* **Problem**
The listing is to be repeated exactly, and its pictures are to be left out.

* **Data extract**

────────────────────

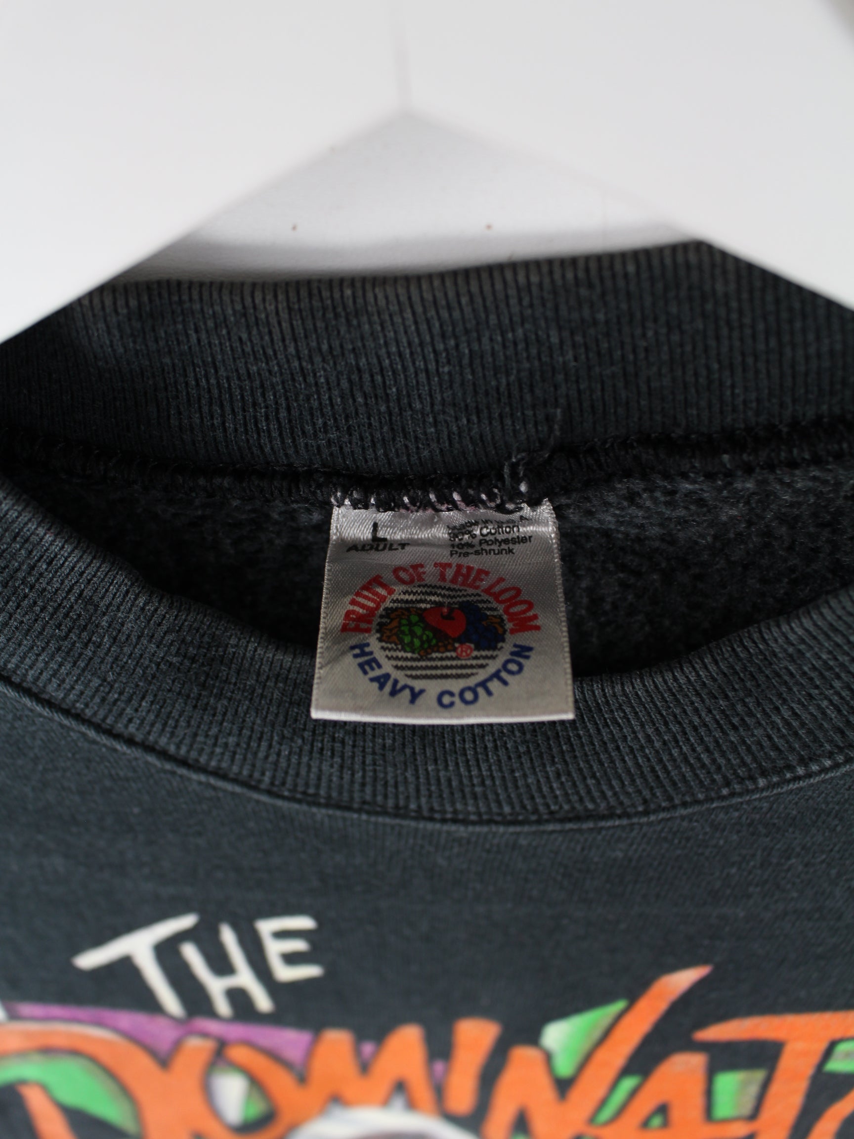 Sweater vom Brand Fruit of the Loom in Größe L aus den 90'ern. Er ist aus einer Baumwollmischung hergestellt und in Schwarz zu bekommen. Mit chiquem Dominator Print.
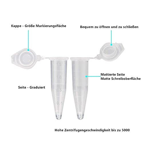 Attrezzatura da laboratorio necessaria: capacità: 1,5 ml. Diametro: 10,6 mm. Lunghezza: 41 mm. Area smerigliata sul cappuccio e sul tubo per etichettatura e commento. I tubi di centrifuga sono uno degli strumenti più comuni in laboratorio. Sono utilizzati per separare o trattare liquidi chimici e altri componenti. Sono uno degli strumenti più utilizzati in laboratorio.
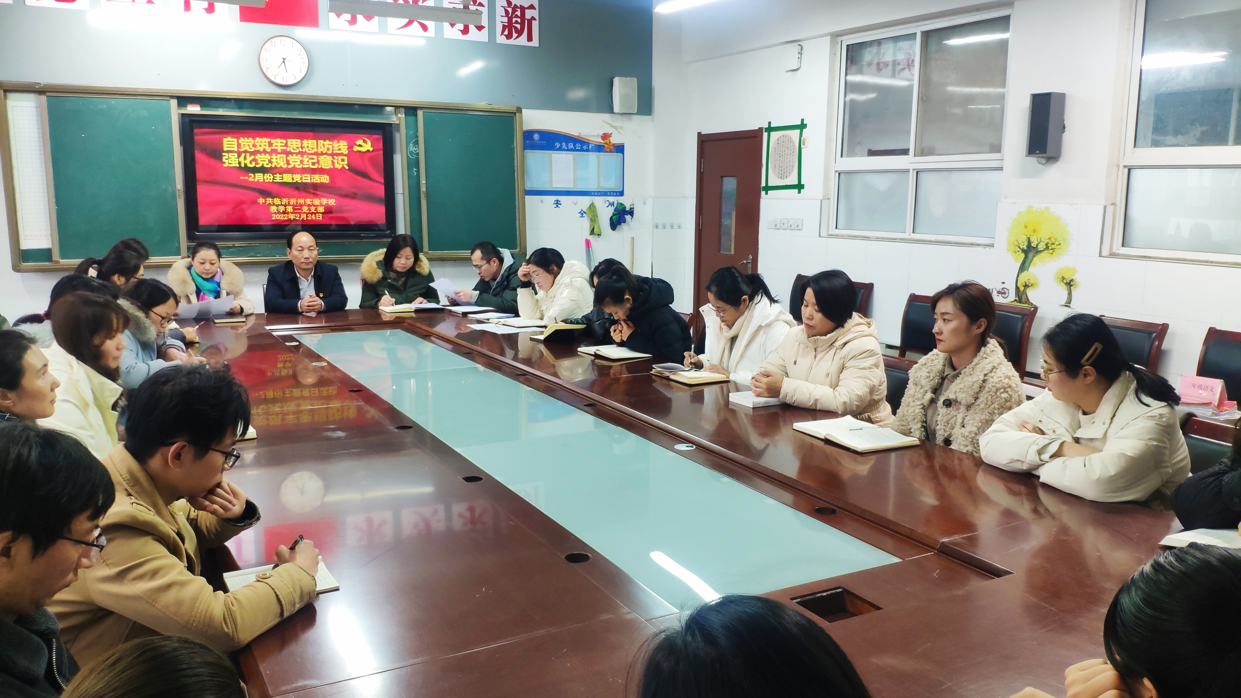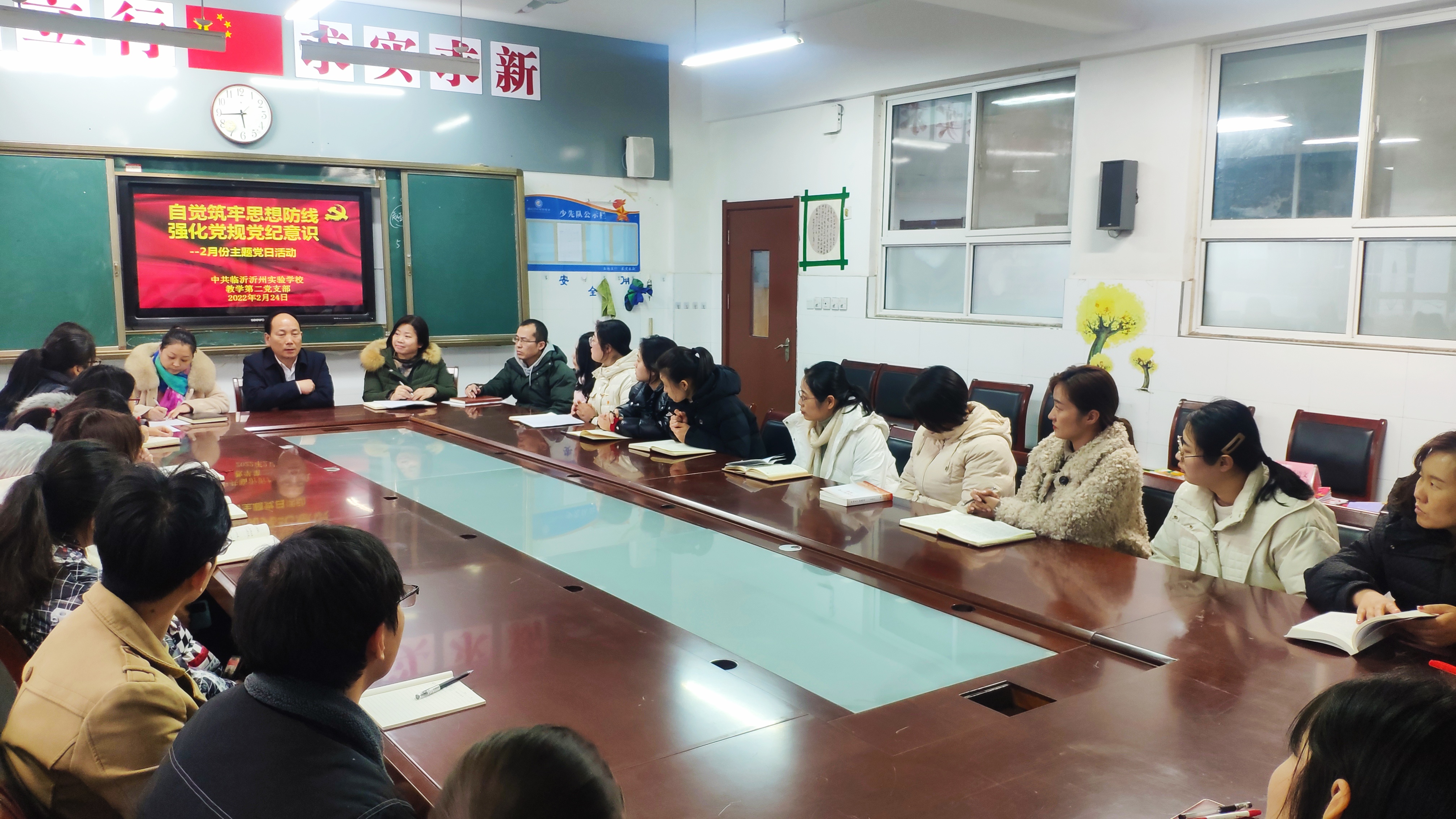 为深入开展党风廉政建设,切实加强党员教师廉洁自律意识。2022年2月24日下午,临沂沂州实验学校教学第一、第二党支部召开了二月份以“自觉筑牢思想防线,强化党规党纪意识“为主题的党日活动。

────────────────────

* **Reply**
 Sweater vom Brand Fruit of the Loom in Größe L aus den 90'ern. Er ist aus einer Baumwollmischung hergestellt und in Schwarz zu bekommen. Mit chiquem Dominator Print.
 Attrezzatura da laboratorio necessaria: capacità: 1,5 ml. Diametro: 10,6 mm. Lunghezza: 41 mm. Area smerigliata sul cappuccio e sul tubo per etichettatura e commento. I tubi di centrifuga sono uno degli strumenti più comuni in laboratorio. Sono utilizzati per separare o trattare liquidi chimici e altri componenti. Sono uno degli strumenti più utilizzati in laboratorio.
 为深入开展党风廉政建设,切实加强党员教师廉洁自律意识。2022年2月24日下午,临沂沂州实验学校教学第一、第二党支部召开了二月份以“自觉筑牢思想防线,强化党规党纪意识“为主题的党日活动。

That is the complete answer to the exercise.